__Task directions__:
In the entries below, find the line containing "長野県の戦後の現代美術史をた" and the line containing "Fig. 15. Vallbona". Copy those two lines and everything between them exactly, and only that.

[Data to examine Boundary: Start]

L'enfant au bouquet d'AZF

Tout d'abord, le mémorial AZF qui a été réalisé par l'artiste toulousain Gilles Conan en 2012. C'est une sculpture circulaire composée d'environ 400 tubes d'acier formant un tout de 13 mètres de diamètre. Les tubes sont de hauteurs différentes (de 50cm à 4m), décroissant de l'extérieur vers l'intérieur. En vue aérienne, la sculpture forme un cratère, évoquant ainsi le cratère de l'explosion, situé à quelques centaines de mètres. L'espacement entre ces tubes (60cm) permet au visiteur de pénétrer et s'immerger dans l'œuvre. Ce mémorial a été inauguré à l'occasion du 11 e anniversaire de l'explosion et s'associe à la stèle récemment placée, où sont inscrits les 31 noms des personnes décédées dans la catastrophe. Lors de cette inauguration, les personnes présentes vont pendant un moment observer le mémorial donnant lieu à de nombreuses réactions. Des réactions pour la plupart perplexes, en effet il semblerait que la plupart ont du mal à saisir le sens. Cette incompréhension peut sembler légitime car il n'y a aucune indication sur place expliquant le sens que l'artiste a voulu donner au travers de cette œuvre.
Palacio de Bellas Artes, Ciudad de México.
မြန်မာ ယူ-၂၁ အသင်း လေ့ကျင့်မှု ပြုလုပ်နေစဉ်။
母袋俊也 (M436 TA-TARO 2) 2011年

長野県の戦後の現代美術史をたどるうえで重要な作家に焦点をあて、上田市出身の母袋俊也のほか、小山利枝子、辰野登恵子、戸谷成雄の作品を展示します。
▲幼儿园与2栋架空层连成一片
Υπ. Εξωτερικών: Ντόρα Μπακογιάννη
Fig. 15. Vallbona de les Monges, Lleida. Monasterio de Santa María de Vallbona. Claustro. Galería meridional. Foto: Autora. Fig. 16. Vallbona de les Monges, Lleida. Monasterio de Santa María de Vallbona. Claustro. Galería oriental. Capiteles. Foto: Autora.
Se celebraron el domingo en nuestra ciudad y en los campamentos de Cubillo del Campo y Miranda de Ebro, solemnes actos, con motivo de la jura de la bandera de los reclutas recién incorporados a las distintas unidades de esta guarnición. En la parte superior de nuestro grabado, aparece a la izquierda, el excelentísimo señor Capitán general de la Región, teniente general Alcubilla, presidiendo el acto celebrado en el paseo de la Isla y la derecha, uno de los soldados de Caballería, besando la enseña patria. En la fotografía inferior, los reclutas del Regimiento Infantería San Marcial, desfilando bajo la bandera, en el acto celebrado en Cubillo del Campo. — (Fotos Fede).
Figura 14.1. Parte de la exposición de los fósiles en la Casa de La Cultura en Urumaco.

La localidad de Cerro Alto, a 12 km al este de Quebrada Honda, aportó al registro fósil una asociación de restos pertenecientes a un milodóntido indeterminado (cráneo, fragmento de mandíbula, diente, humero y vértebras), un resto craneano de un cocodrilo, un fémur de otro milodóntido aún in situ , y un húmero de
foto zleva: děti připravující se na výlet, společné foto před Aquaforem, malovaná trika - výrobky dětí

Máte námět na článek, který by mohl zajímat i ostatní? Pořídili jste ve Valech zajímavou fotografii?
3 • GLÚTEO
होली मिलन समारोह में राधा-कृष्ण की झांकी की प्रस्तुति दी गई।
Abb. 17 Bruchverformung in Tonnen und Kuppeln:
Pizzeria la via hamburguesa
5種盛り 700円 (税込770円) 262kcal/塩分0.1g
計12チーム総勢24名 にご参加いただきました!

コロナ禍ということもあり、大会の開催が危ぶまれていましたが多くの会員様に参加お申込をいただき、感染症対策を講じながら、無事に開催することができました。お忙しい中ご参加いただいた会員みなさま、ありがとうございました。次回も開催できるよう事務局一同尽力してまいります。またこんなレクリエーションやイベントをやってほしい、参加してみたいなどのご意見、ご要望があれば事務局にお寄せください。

[Data to examine Boundary: End]

__Written solution__:
長野県の戦後の現代美術史をたどるうえで重要な作家に焦点をあて、上田市出身の母袋俊也のほか、小山利枝子、辰野登恵子、戸谷成雄の作品を展示します。
▲幼儿园与2栋架空层连成一片
Υπ. Εξωτερικών: Ντόρα Μπακογιάννη
Fig. 15. Vallbona de les Monges, Lleida. Monasterio de Santa María de Vallbona. Claustro. Galería meridional. Foto: Autora. Fig. 16. Vallbona de les Monges, Lleida. Monasterio de Santa María de Vallbona. Claustro. Galería oriental. Capiteles. Foto: Autora.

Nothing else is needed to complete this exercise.